Below are the records; give again exactly the lines from the one containing "Featuring a black" through the one containing "Dzieci z grypy", leaving out pictures.

Provided records
"""
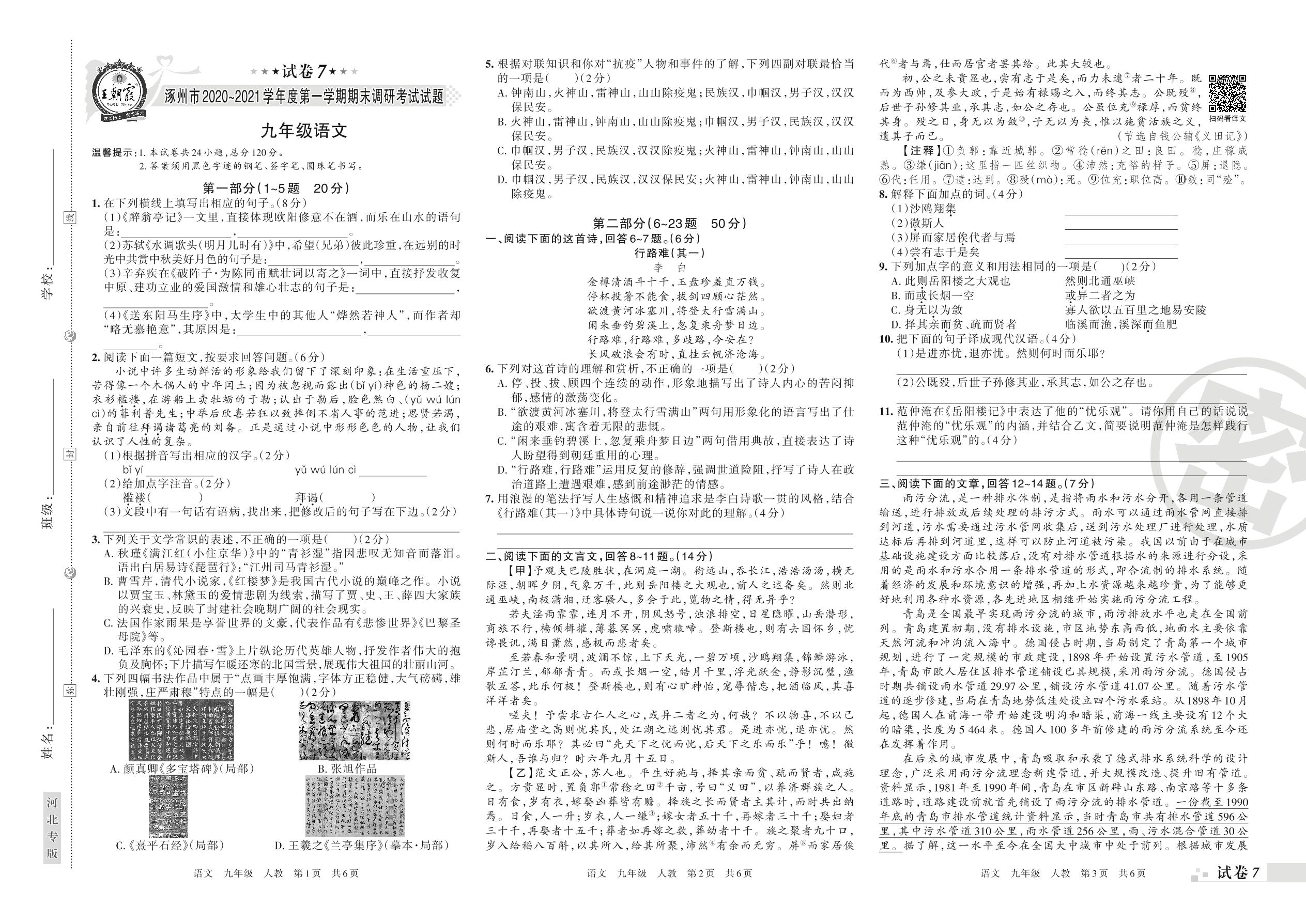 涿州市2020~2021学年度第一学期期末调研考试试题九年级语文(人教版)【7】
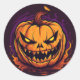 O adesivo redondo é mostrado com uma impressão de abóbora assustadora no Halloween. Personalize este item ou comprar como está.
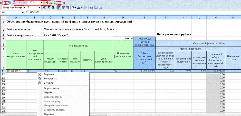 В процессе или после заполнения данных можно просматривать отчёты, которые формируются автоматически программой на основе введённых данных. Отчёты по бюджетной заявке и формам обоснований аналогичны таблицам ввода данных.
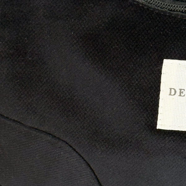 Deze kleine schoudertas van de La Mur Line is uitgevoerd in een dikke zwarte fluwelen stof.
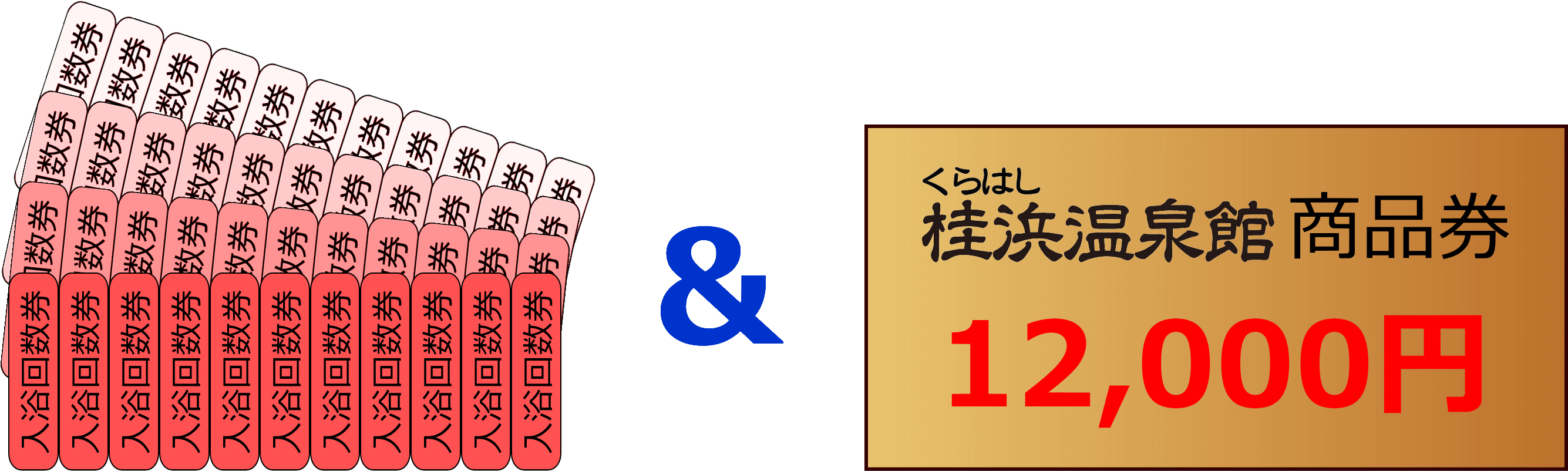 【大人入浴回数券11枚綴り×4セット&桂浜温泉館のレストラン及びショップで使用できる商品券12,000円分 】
"""
"""
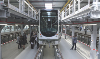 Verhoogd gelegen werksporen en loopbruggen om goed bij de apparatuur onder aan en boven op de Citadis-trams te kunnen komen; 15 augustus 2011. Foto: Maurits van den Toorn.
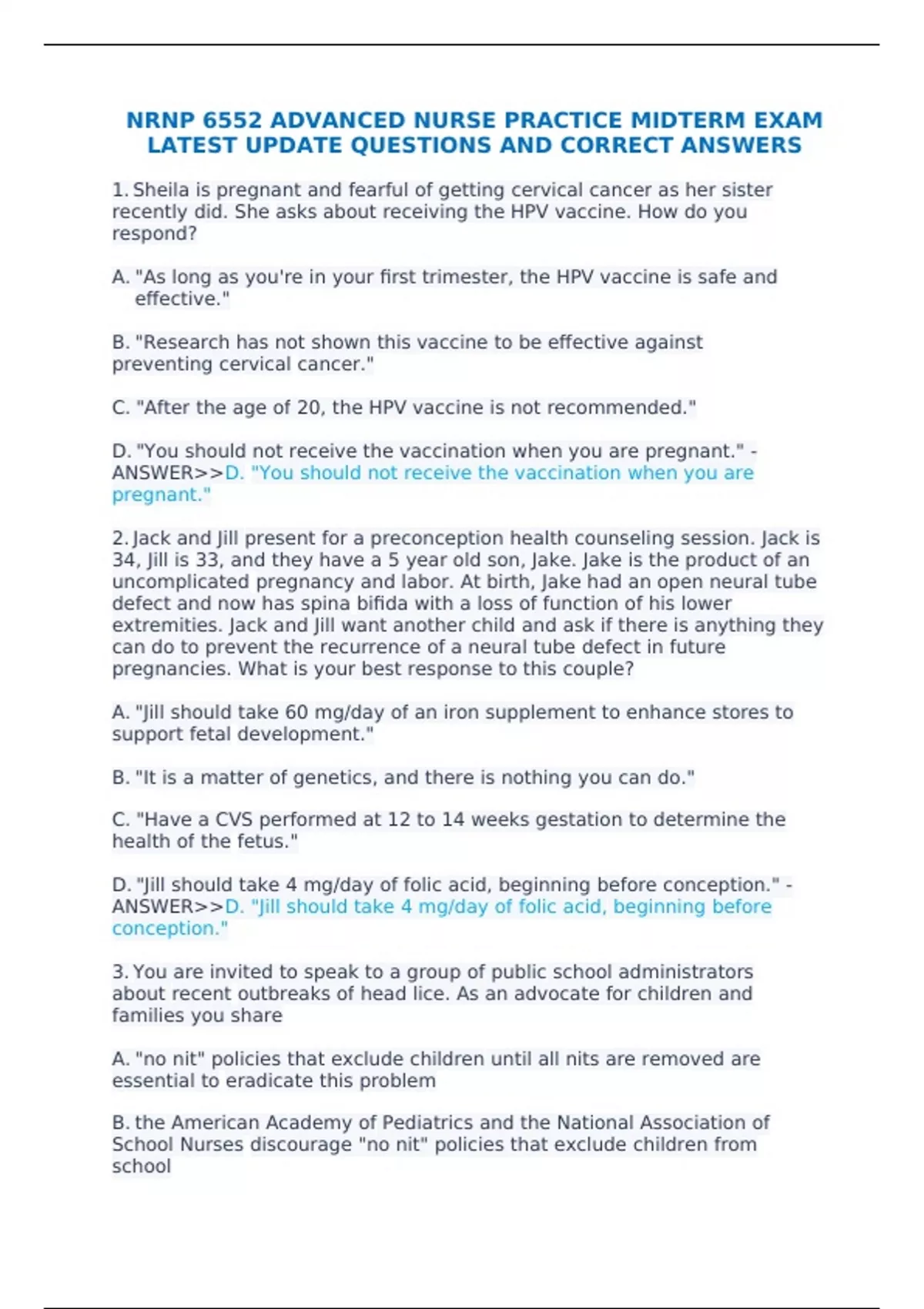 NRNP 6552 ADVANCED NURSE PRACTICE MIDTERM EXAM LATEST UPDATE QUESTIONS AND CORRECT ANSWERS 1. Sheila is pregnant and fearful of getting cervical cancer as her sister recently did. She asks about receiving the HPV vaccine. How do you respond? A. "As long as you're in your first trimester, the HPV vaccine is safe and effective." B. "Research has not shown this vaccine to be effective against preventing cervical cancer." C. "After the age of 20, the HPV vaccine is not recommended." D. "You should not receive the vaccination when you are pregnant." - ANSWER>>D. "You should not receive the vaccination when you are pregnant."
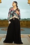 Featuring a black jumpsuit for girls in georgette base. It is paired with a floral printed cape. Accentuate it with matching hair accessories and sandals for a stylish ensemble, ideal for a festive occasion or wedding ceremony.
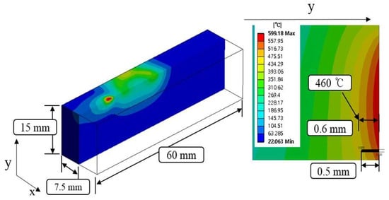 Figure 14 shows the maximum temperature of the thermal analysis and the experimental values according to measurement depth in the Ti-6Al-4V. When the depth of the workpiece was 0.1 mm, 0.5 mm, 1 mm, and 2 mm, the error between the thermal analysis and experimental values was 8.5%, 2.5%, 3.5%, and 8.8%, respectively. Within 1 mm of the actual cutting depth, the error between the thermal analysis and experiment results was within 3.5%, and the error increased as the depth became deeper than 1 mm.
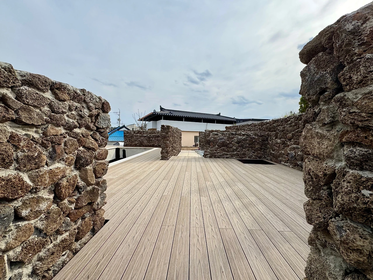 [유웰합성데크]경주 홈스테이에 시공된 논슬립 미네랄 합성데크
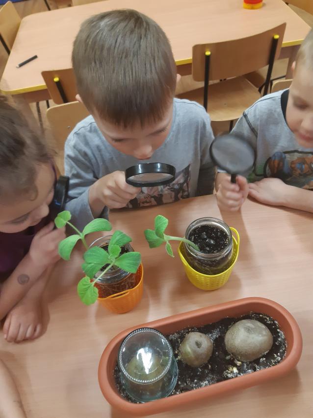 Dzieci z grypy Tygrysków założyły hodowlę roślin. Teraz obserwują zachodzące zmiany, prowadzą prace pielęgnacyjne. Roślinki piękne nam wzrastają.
"""
Expected answer
 Featuring a black jumpsuit for girls in georgette base. It is paired with a floral printed cape. Accentuate it with matching hair accessories and sandals for a stylish ensemble, ideal for a festive occasion or wedding ceremony.
 Figure 14 shows the maximum temperature of the thermal analysis and the experimental values according to measurement depth in the Ti-6Al-4V. When the depth of the workpiece was 0.1 mm, 0.5 mm, 1 mm, and 2 mm, the error between the thermal analysis and experimental values was 8.5%, 2.5%, 3.5%, and 8.8%, respectively. Within 1 mm of the actual cutting depth, the error between the thermal analysis and experiment results was within 3.5%, and the error increased as the depth became deeper than 1 mm.
 [유웰합성데크]경주 홈스테이에 시공된 논슬립 미네랄 합성데크
 Dzieci z grypy Tygrysków założyły hodowlę roślin. Teraz obserwują zachodzące zmiany, prowadzą prace pielęgnacyjne. Roślinki piękne nam wzrastają.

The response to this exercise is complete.